Last month the Royal Veterinary College (RVC) recognised that there was a sudden increase in the number of cats they were seeing with a usually rare condition called pancytopenia.
The RVC is a centre for veterinary research, as well as where the London university vet students are trained.
To date, around five hundred cases have been recorded, but this may be far fewer than the total, as we cannot be sure that others were out there, but have not been recorded.
Very sadly this disease, which is not yet fully understood, has a fatality rate of over sixty percent.
The RVC traced a connection between these cats to certain food brands, which have now all been voluntarily withdrawn.
These included some varieties of Applaws cat food, Sainsbury’s cat food, Ava cat food, and Wilko cat food.

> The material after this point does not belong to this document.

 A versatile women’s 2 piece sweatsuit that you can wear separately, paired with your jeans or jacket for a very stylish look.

You have probably already done this, but if you have any of these cat food brands in the back of your cupboard, please do check the batch numbers and dispose of them. Do not feed them to your cat.
Pancytopenia translates to ‘pan’ for ‘all’; ‘ cyto’ for ‘cells’ and ‘penia’ for ‘too few’. It means that patients have too few red and white blood cells, as well as too few platelets for clotting. Without these cells a patient is at risk of clotting disorders, which means bleeding occurs more easily; plus anaemia, so not getting enough oxygen; and immunosuppression, or inability to fight infection.

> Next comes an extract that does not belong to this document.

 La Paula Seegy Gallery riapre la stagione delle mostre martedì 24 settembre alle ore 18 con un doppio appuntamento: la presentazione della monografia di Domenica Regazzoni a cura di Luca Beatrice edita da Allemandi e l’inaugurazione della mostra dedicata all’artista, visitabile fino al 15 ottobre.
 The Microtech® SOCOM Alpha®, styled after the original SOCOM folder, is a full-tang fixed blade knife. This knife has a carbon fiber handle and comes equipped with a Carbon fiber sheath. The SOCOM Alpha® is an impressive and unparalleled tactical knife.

If your pet had been affected, you would have already recognised signs of weakness, and a reluctance to join in or go about their normal routine. Sadly over sixty percent of those affected have died, often following quite obvious haemorrhages.
As a GP vet, I am fortunate to have checked several cats who were being fed one of these diets, but none were affected. However, I have local colleagues who have sadly seen case.
Although the RVC still cannot yet tell us why this happened, my hope now is that, as all affected brands and batches have hopefully been removed from the shops, I will never diagnose this in one of my patients.